Stored data
= = =
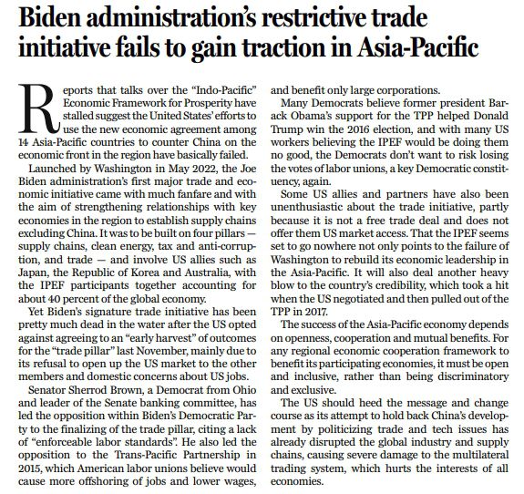 然而,去年11月,受到美國方面態(tài)度的影響,框架“四大支柱”中的“貿(mào)易支柱”談判未能收獲“早期成果”。這主要是因為美國拒絕向其他成員國開放市場,且其國內(nèi)擔憂協(xié)定可能會給就業(yè)帶來影響。由此,IPEF基本上已沒有前途可言。
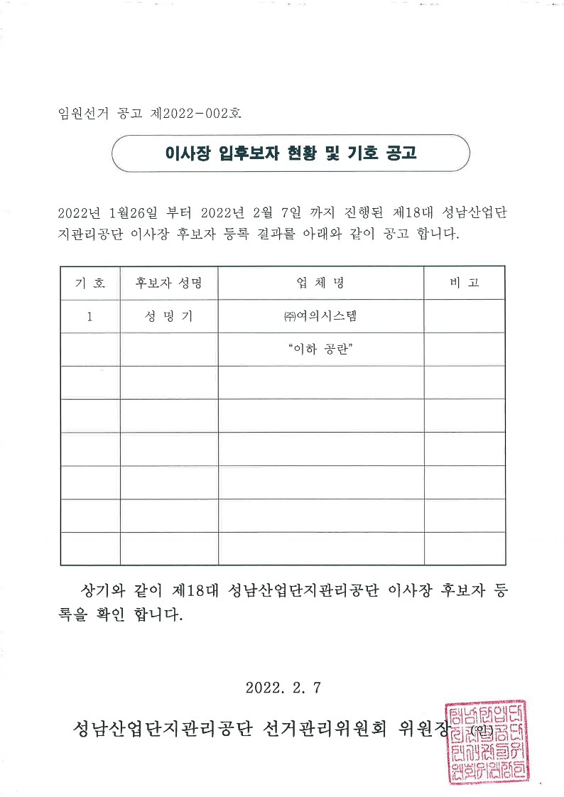 [공지] [임원선거 공고 제2022-002호]이사장 입후보자 현황 및 기호 공고
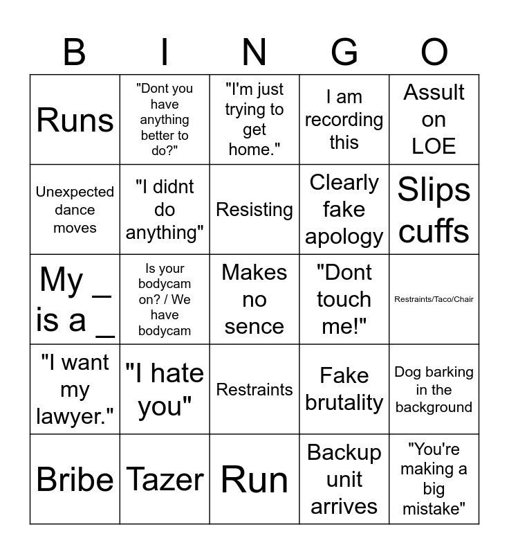 This bingo card has 40 words: "I cant Breathe", My _ is a _, Goat Screams, "I didnt do anything", Tazer, Restraints, Resisting, Drunk by denys drinking, Assult on LOE, "I want my lawyer.", Is your bodycam on? / We have bodycam, I am recording this, Makes no sence, Restraints/Taco/Chair, "Dont touch me!", "I hate you", "I love you", Runs, Kicks, "I'm just trying to get home.", Dog barking in the background, Backup unit arrives, Clearly fake apology, Unexpected dance moves, "I know my rights!", flirt with the officer, Do you know who I am?", "Can I speak to your supervisor?", "You're making a big mistake", Attempt to flee, Crying, Bribe, "Your hurting me!", Fake brutality, Slips cuffs, Run, "I am recording you", "This is ridiculous!", "Dont you have anything better to do?" and An unexpected burst of song or humming.
= = =
Drop the images; restate the listing exactly.

Worked solution
 然而,去年11月,受到美國方面態(tài)度的影響,框架“四大支柱”中的“貿(mào)易支柱”談判未能收獲“早期成果”。這主要是因為美國拒絕向其他成員國開放市場,且其國內(nèi)擔憂協(xié)定可能會給就業(yè)帶來影響。由此,IPEF基本上已沒有前途可言。
 [공지] [임원선거 공고 제2022-002호]이사장 입후보자 현황 및 기호 공고
 This bingo card has 40 words: "I cant Breathe", My _ is a _, Goat Screams, "I didnt do anything", Tazer, Restraints, Resisting, Drunk by denys drinking, Assult on LOE, "I want my lawyer.", Is your bodycam on? / We have bodycam, I am recording this, Makes no sence, Restraints/Taco/Chair, "Dont touch me!", "I hate you", "I love you", Runs, Kicks, "I'm just trying to get home.", Dog barking in the background, Backup unit arrives, Clearly fake apology, Unexpected dance moves, "I know my rights!", flirt with the officer, Do you know who I am?", "Can I speak to your supervisor?", "You're making a big mistake", Attempt to flee, Crying, Bribe, "Your hurting me!", Fake brutality, Slips cuffs, Run, "I am recording you", "This is ridiculous!", "Dont you have anything better to do?" and An unexpected burst of song or humming.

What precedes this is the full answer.